Coming up in April and May 2025
my new monthly newsletter, ‘A Letter from Cambridge’ which will replace my Cambridge Notebooks and be free for all subscribers
a guest post from author Sarah Lonsdale, on her brilliant new group biography Wildly Different: How Five Women Reclaimed Nature in a Man’s World (MUP, March 2025). I loved her book, Rebel Women Between The Wars (see my previous post on on Dorothy Pilley, ‘Manless Climbing’) so I can’t wait to read more about Pilley and other women who fought to save some of the earth’s wildest places.
a post on Susila Bonnerjee (1872-1920), one of the first Indian women to study at Cambridge, and her sister Nalini.
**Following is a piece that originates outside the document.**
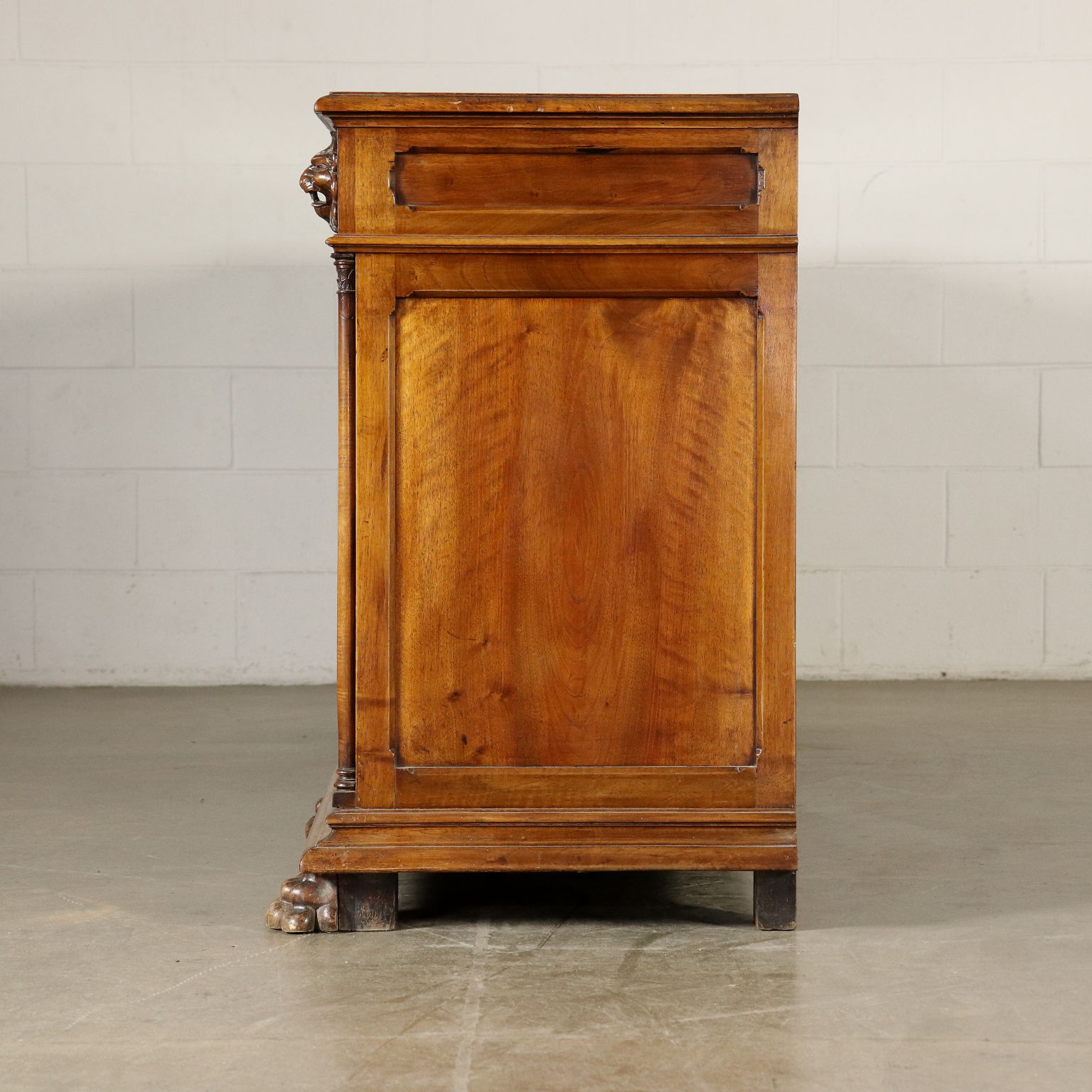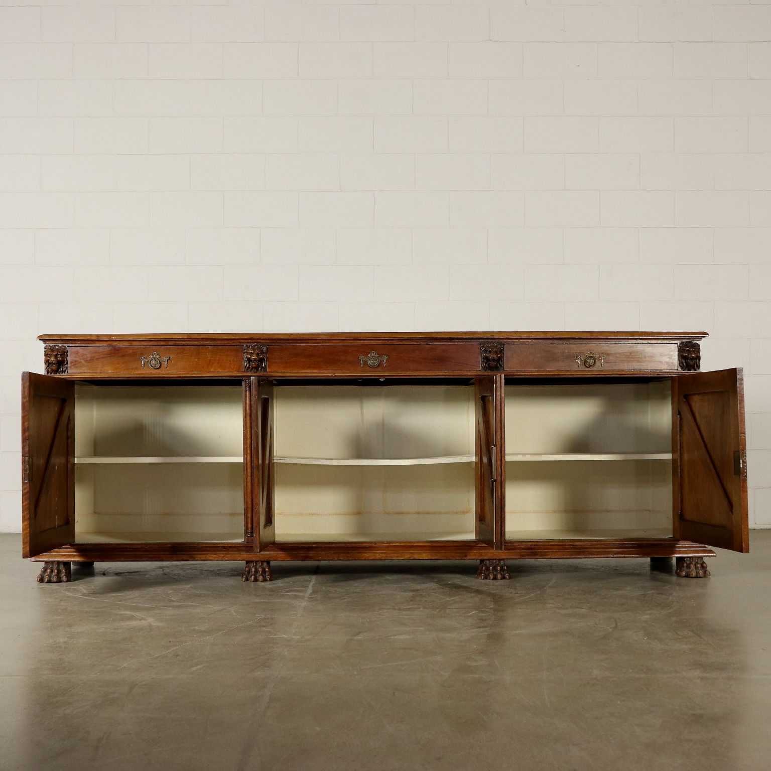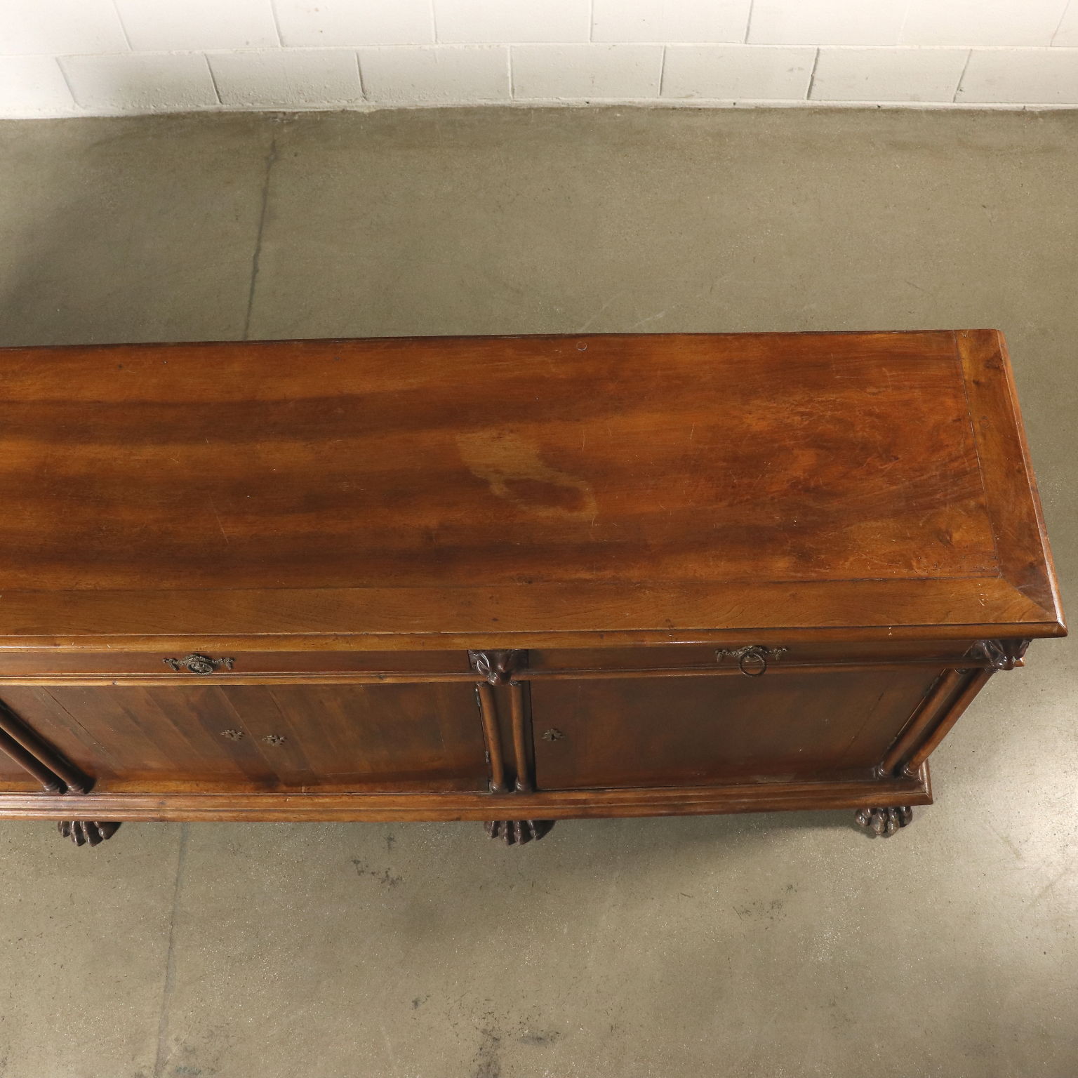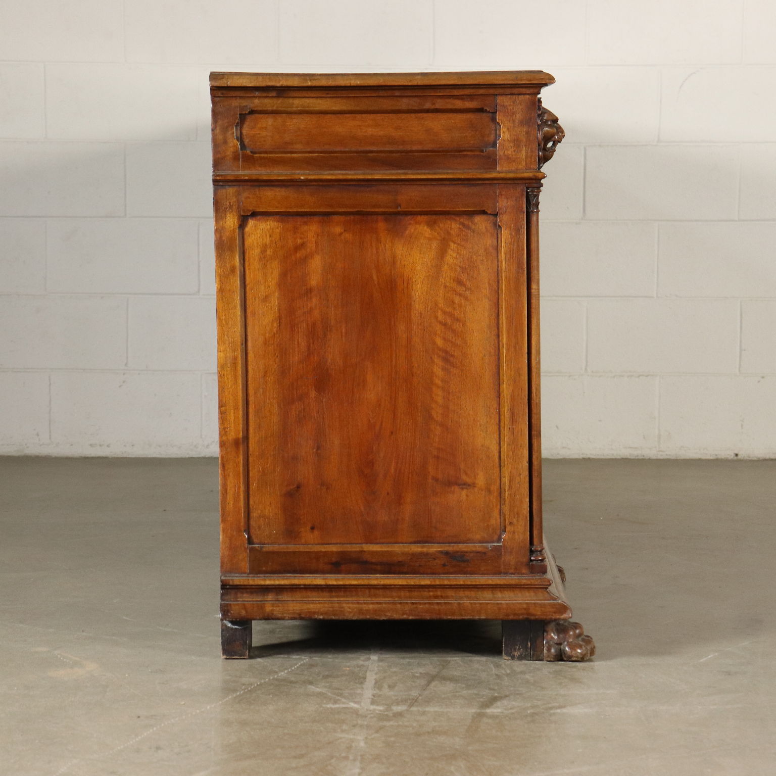 Küchenschrank im Stil, vier Türen und drei Schubladen unter der Platte. Stützen mit doppelte Säulen. Geschnitzte Löwenköpfen. Hergestellt in Italien, 20. Jahrhundert.
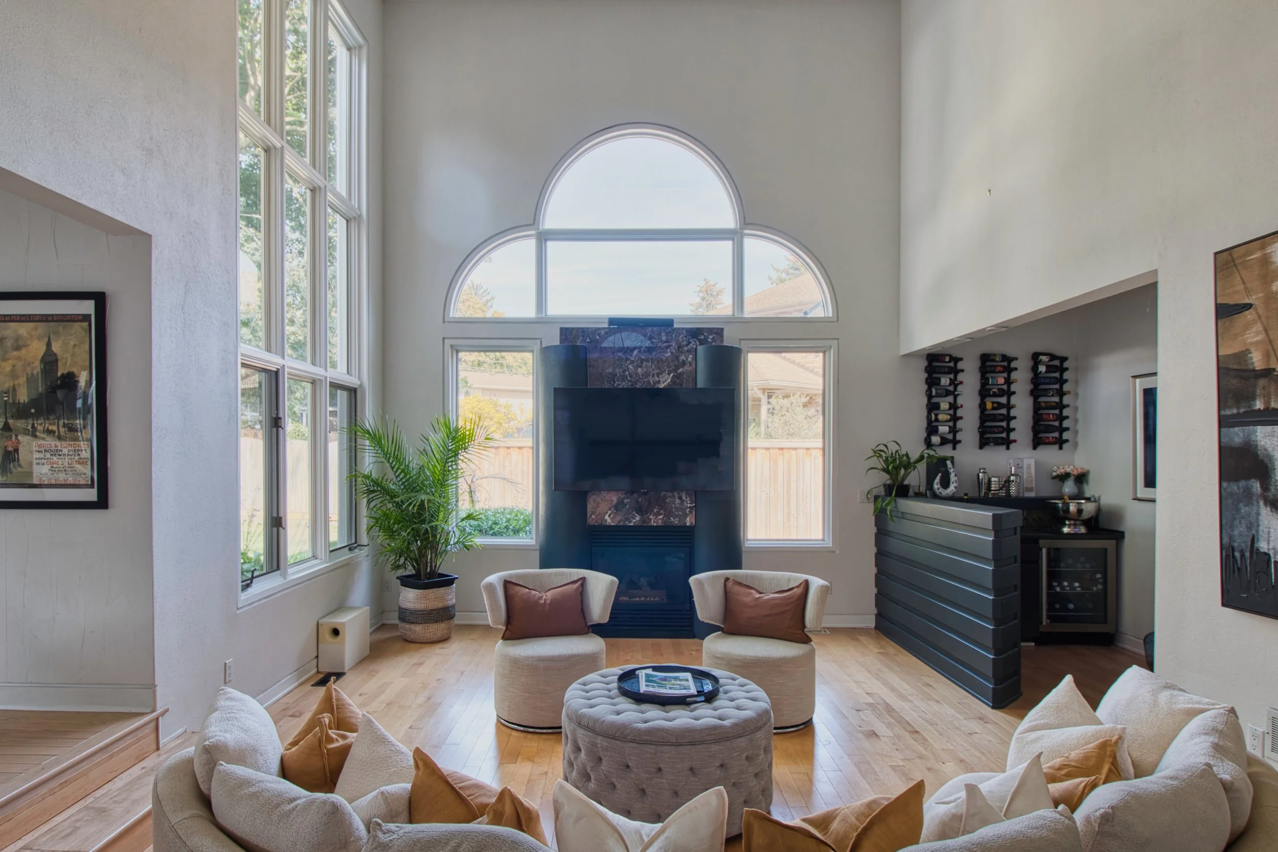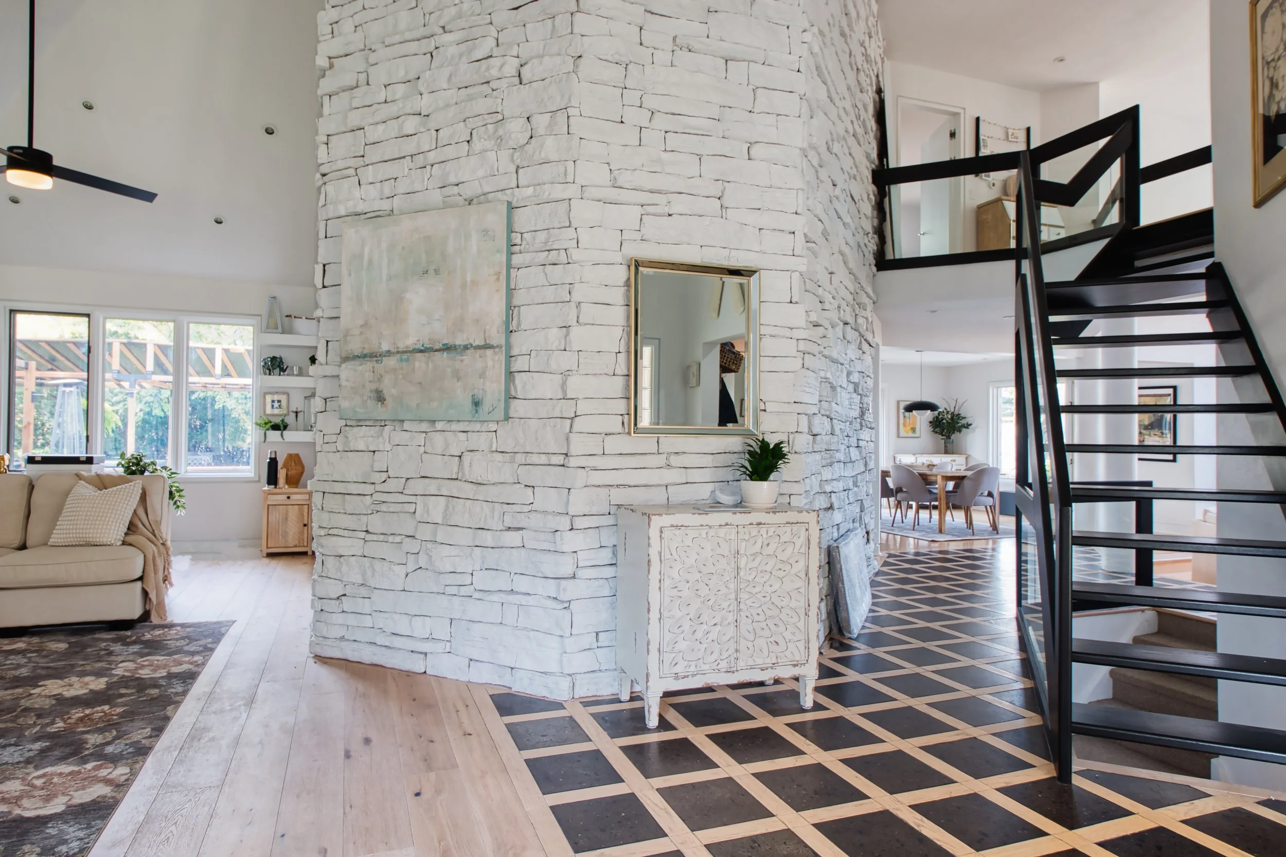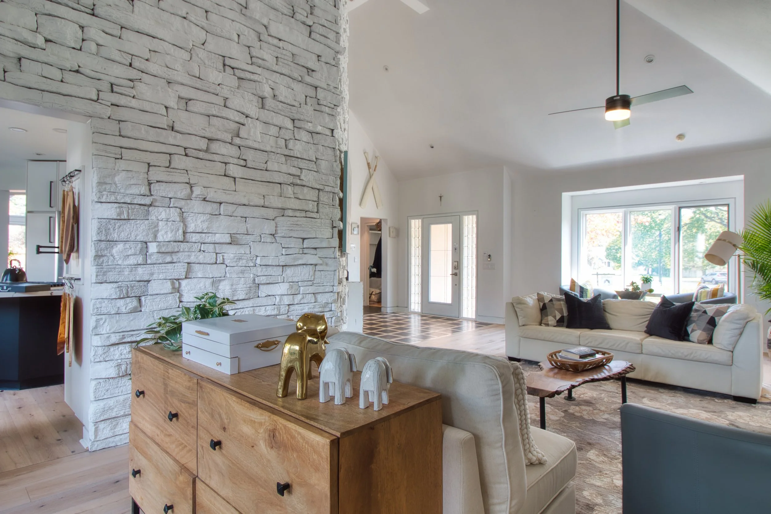 As you step into this home you are immediately uplifted with a sense of warmth and welcoming as you enter the expansive living room with vaulted ceilings and a stone veneer statement wall that brings a sense of timelessness to this modern home.

They both qualified as medical doctors in the 1890s, at a time when very few women were permitted to practise medicine in the UK, and their subsequent careers took very different paths.
Hope you’ll join us! And if you have other recommendations of novels by UK/ Irish women writers from the 1920s and 1930s that we might read later in 2025, I’d love to hear about them. I’m keeping an updated list of ALL of your brilliant suggestions. Thanks for reading.
Most of my newsletters are free, thanks to the generosity of paying subscribers. These kind souls receive full access to all book club and Cambridge women’s history posts, featuring my original research, plus all of our subscriber discussions in the comments section. Complimentary subscriptions always available, just get in touch.
All of this sounds so up my street! Hope I have time to join in. My upcoming project is loosely about nuns in fact and fiction. Starting with Heloise's letters and then moving through to The Corner that Held Them, The Abbess of Crewe and one or two others. I have no desire to be a nun but I think I can see the attraction of the life before the reformation. Or can I ? Maybe that's what I want to find out.
What a darling dog!!! I'm very interested in reading more (and more about) Elizabeth Bowen, such a fascinating woman and a profoundly elegant writer...
Lovely to see Gaudy Night on your list.